“Incomplete” and “go back to the drawing board” were sentiments most commonly echoed in the comments filed with the Federal Energy Regulatory Commission on the Draft Environmental Impact Statement for the proposed Atlantic Coast Pipeline over the past two weeks. ABRA has posted on its website comments from over 50 organizations and individuals that provide a broad overview of the serious shortcomings of the DEIS. Here are excerpts from some of them:

Appalachian Mountain Advocates

  • . . . the Commission has fundamentally misapplied NEPA in its assessment of the impacts of the Atlantic Coast Pipeline. Instead of issuing a thorough agency assessment of environmental impacts and alternatives on which the public can meaningfully comment, the Commission treats its draft EIS as a data request to the developers—a mere stepping stone on the Commission’s way to gathering more information and eventually understanding the impacts of the proposed project. This draft EIS reads like a laundry list of missing and incomplete information. But that falls far short of what NEPA requires.
  • Nowhere is the problem of self-dealing with the Atlantic Coast Pipeline more apparent than in the discrepancies between the electricity demand forecasts from PJM and Dominion Virginia Power. PJM is the regional transmission organization that manages the electrical transmission grid in all or parts of thirteen states, including Virginia and North Carolina, and the District of Columbia. . . PJM’s 2017 forecast for the Dominion zone is substantially less—approximately 3,500 MW less—than Dominion Virginia Power’s own projection from its 2016 integrated resource plan proceeding at the Virginia State Corporation Commission.
  • . . . disposal of the excess material created by ridgeline construction along the entire length of the ACP and SHP corridors would require spoil deposition on hundreds or even thousands of acres of land, with attendant impacts to water quality. . . Because FERC has failed to analyze the critical issue of excess spoil disposal in any meaningful way, the DEIS does not satisfy NEPA.

    Note: Included in an attachment are the results of a study of a two-mile segment of the route in Pocahontas County, WV. It is estimated that the ridgetop removal occurring in this short segment would produce a volume of spoilage equal to an 8-story building with the circumference of a football field!)

U.S. Department of Interior, National Park Service

  • As proposed, the pipeline will cross the Appalachian National Scenic Trail in Augusta and Nelson County, Virginia . . . The proposed method of construction uses the horizontal directional drill (HDD) method . . . NPS supports the Forest Service position that no construction would take place on National Forest System lands until the HDD or contingency crossing is successful.

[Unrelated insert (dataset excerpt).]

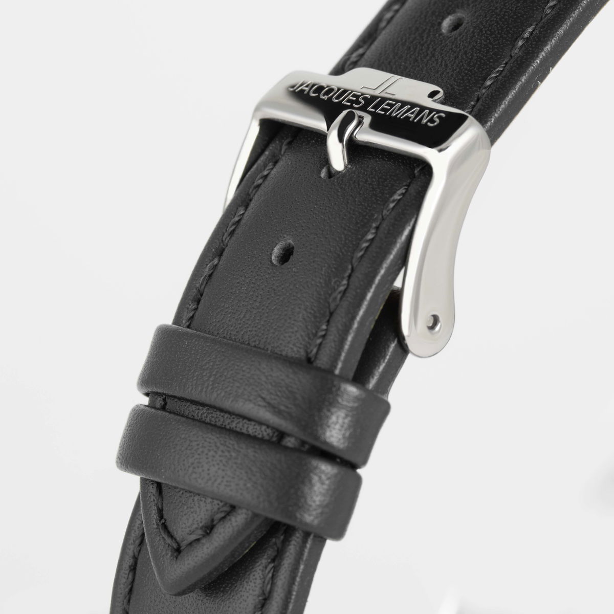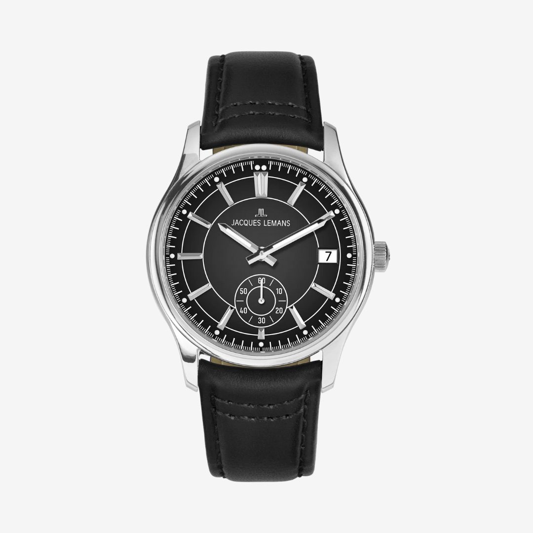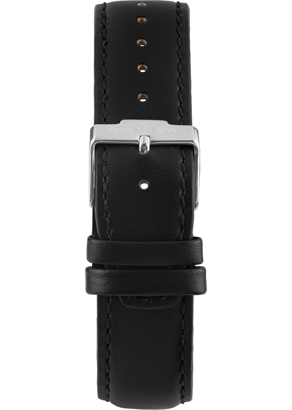 Montre Quartz Homme – Jacques Lemans – acier inoxydable, Cadran Noir, bracelet cuir, verre minéral, étanche 10 bar, date, 41 mm – 1-2197A
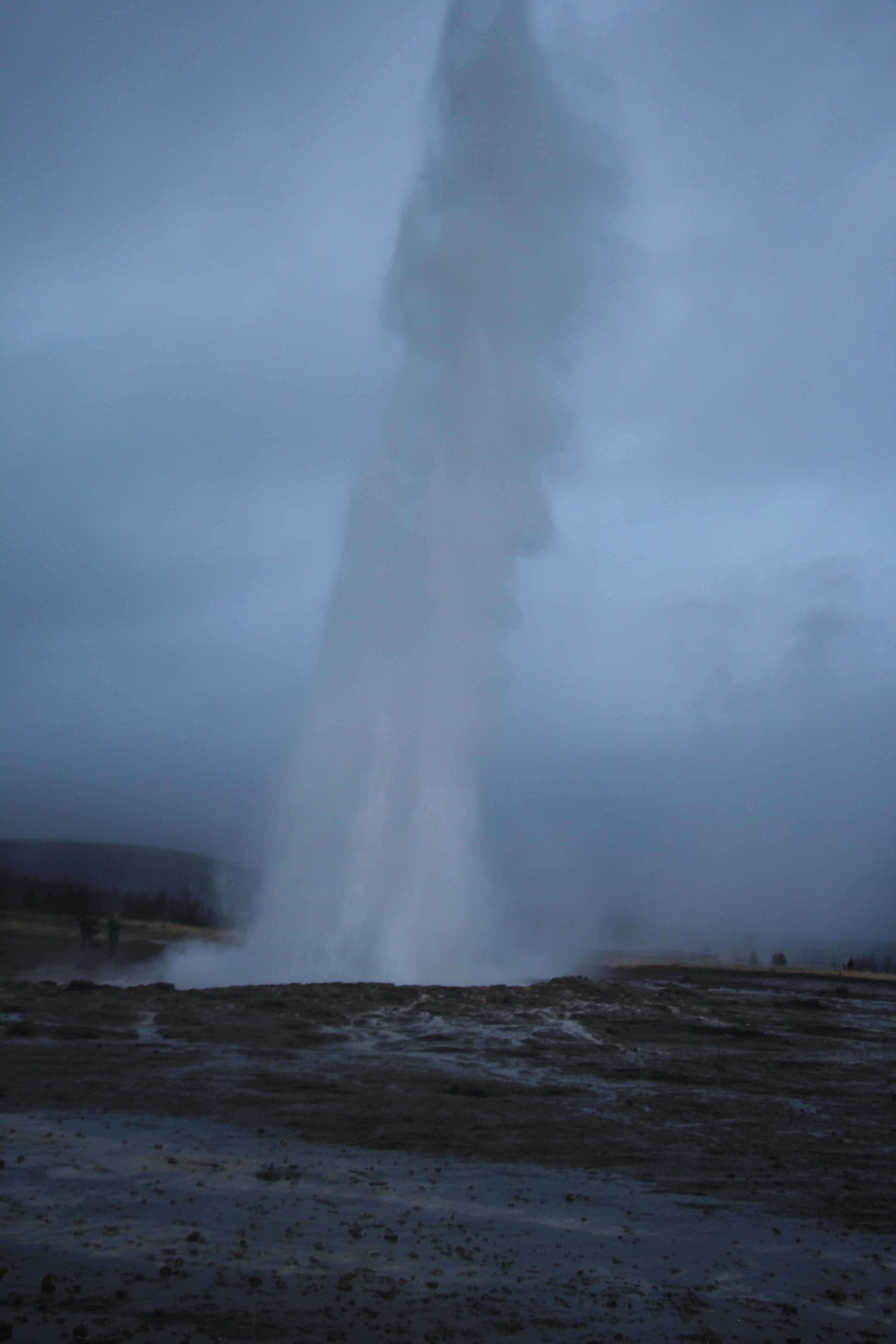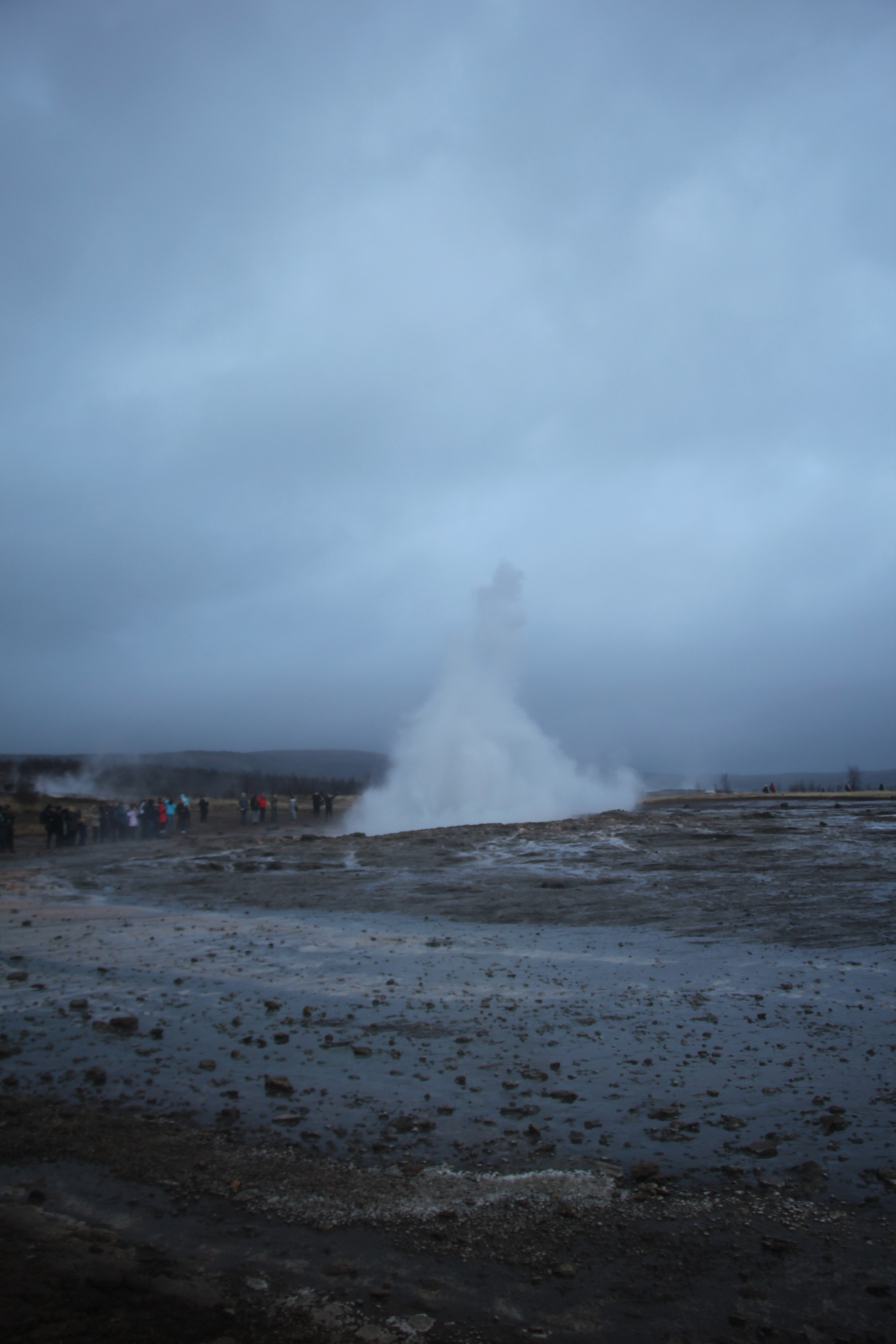 Located in the Haukadalur valley, the famous geyser – from which all others take their name – is currently in an inactive phase. During its active period water would gush up to 70 metres into the air. A few metres away Strokkur geyser, which is currently active, sends a column of boiling water 15 to 20 metres into the air every 10 to 15 minutes. We managed to catch one of Strokkur’s less impressive erruptions. Perhaps it was the cold, but the time between activity certainly seemed longer than 15 minutes!

Southern Environmental Law Center

  • Relying on the claims of need from Atlantic, the draft EIS fails to provide a meaningful analysis of the “no action” alternative or existing pipeline alternatives that would increase incremental gas delivery capacity in Virginia and North Carolina. . . recent analysis from Synapse Energy Economics indicates that existing natural gas infrastructure is sufficient to meet demand through 2030 even under a high gas demand scenario that is unlikely to occur. The Commission cannot gloss over or ignore these alternatives. In doing so in the draft EIS, its fails to meet its NEPA obligations.
  • The most significant problem in the draft EIS with respect to the proposed route through the MNF and GWNF stems not from an inadequate analysis on the part of the Forest Service, but from Atlantic’s failure to timely submit critical information that would have provided the Forest Service the information it needs to adequately assess impacts to the National Forests and for the public to comment on that assessment.

Chesapeake Bay Foundation

  • Multiple aspects of Project construction and operation will create risks of increased sedimentation to waterbodies across a wide swath of the Chesapeake Bay watershed in Virginia and neighboring states. . . Following construction, the risk of erosion and sedimentation from the previously-active construction sites, particularly from the denuded and disturbed segments on steep slopes, will continue throughout the Project’s operational periods.
  • The DEIS’s strategy of referring to the presumed application of best management . . . fails to meet NEPA’s “hard look” requirement in the absence of a review of the state rules and an analysis of the expected effectiveness of these measures along the specific routes, and in the rugged terrain, at issue. It is well-settled that NEPA prohibits a federal agency to “pass the buck” to state regulatory agencies and thereby to circumvent its own NEPA obligation to conduct an adequate investigation

National Trust for Historic Preservation

  • FERC’s pattern of denying requests from stakeholders interested in participating as consulting parties is not consistent with the Section 106 regulations. Upon information and belief, FERC has excluded local governments from participating as consulting parties, even though the Section 106 regulations explicitly require that “a local government with jurisdiction over the area in which the effects of an undertaking may occur is entitled to participate as a consulting party.”
  • It is clear in the DEIS that FERC has not completed the process of assessing adverse effects on historic properties (or even the process of identifying all historic properties that are potentially affected). DEIS at 4-415. Most of the sites that have been identified have not yet been evaluated for their potential National Register eligibility.